Sustentabilidade: consciência ou obrigação?

Por: Livio Giosa
01 Setembro 2007 - 00h00
Parece que a discussão sobre as transformações da sociedade, atingindo o ambiente corporativo, chega ao seu ápice. Empresários conscientes, ligados ao novo olhar do cliente/consumidor que espera da sua relação com as empresas a fidelização pelas boas práticas, percebem nitidamente que a busca do lucro só não basta.

Há algo de superior nesta história. Pela estratégia, pela sensibilidade, pela própria pressão do mercado. As ondas da consciência já são reconhecidas através de ciclos baseados em três fatores-chaves incorporados agora na “alma das empresas”: responsabilidade social, responsabilidade socioambiental e sustentabilidade.
Para evitarmos o negro destino anunciado do planeta, a nossa obrigação é agir já

Cada um, a seu tempo, foi incluído ao dia-a-dia das organizações, inspirando iniciativas que amenizam o desequilíbrio social e valorizam a própria consciência ambiental. No entanto, a mais nova concepção sobre sustentabilidade atrai a inteligência das empresas para algo muito mais sério e superior: “Como garantir o futuro sustentável da sociedade por meio de atitudes diferenciadas que visam ao futuro das gerações?”.

O fato é que depois da apresentação do Terceiro Relatório do Painel Intergovernamental para a Mudança Climática (IPCC), divulgado pela ONU, o mundo não é mais o mesmo. A nossa nave-mãe, a Terra, começa a dar sinais claros de desestabilização.

Nações, governos, empresas e cidadãos estão sendo chamados a rever seus comportamentos e agir em prol de um novo entendimento coletivo.
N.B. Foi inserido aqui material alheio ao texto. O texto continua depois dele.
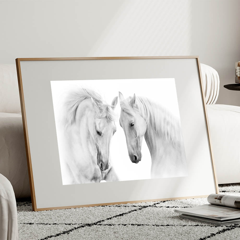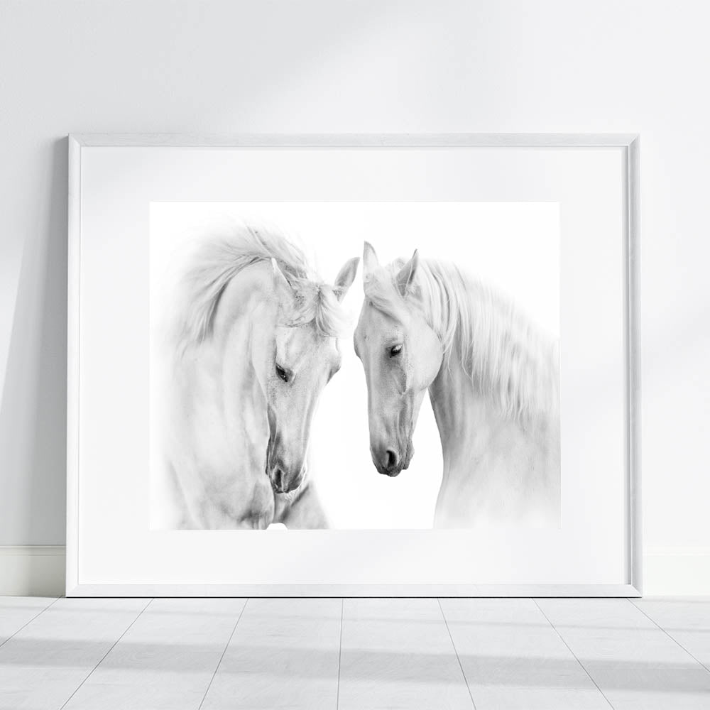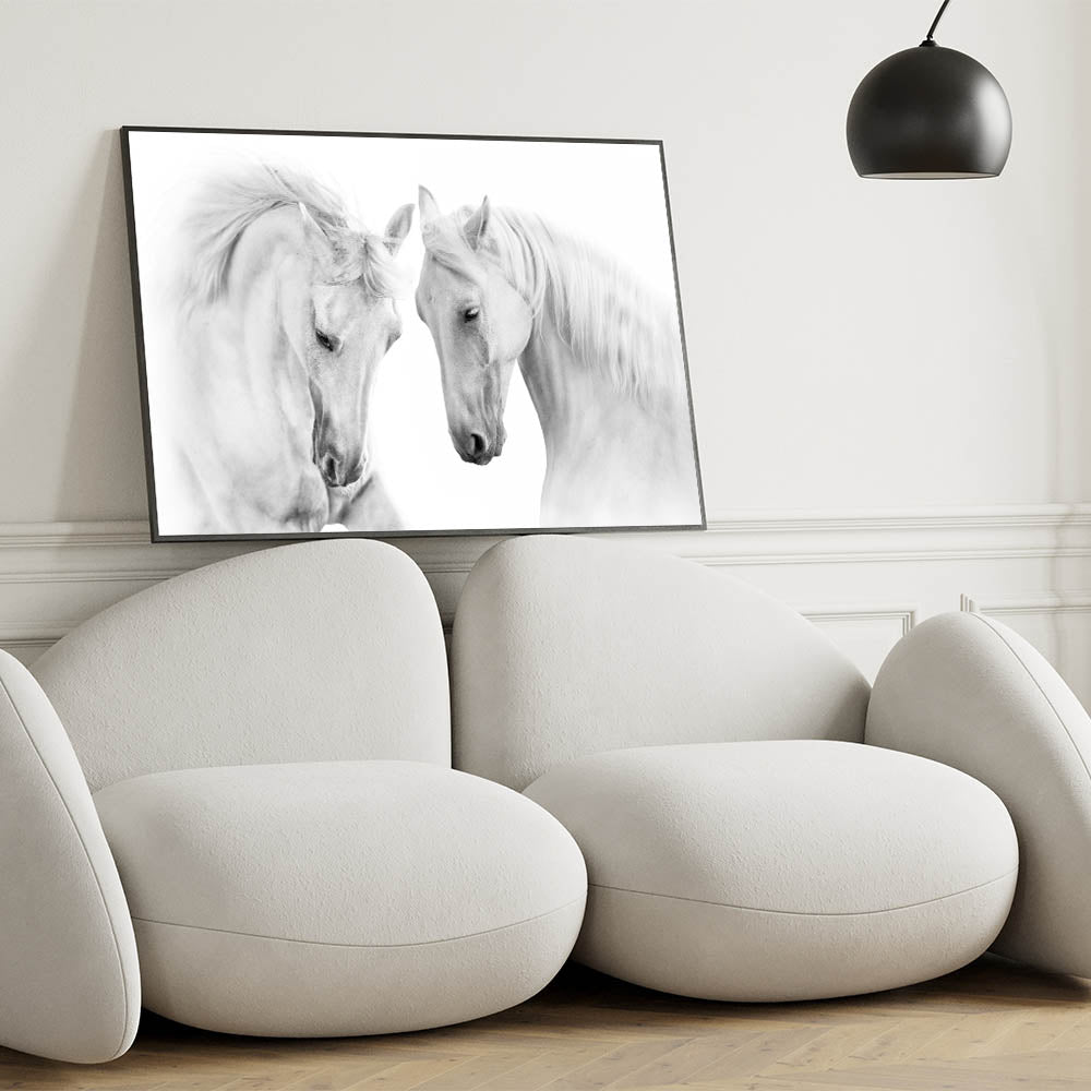 Bring a touch of elegance to your space with this captivating horse wall art. This stunning black and white canvas print features two beautifully detailed horses captured in a moment of serene connection. The monochromatic palette enhances the natural grace of the horses, making this piece a timeless addition to any room.

Para evitarmos o negro destino anunciado do planeta, a nossa obrigação é agir já.

Uma pesquisa, uma pequena amostra feita entre as 30 principais empresas brasileiras coordenada pela Fundação Dom Cabral, no entanto, nos coloca a outra face corporativa: as empresas têm consciência da questão da sustentabilidade, mas não a praticam.

O que será que está faltando? O que é preciso para que empresários do Brasil e, principalmente, governadores e legisladores acordem para o desenvolvimento sustentável; e que este seja bem aproveitado pelas gerações futuras? Responda você e cobre deles. Com sua atitude e pela nossa sobrevivência.

Lívio Giosa. Vice-presidente da Associação dos Dirigentes de Vendas e Marketing do Brasil (ADVB) e coordenador geral do Instituto ADVB de Responsabilidade Social (Ires).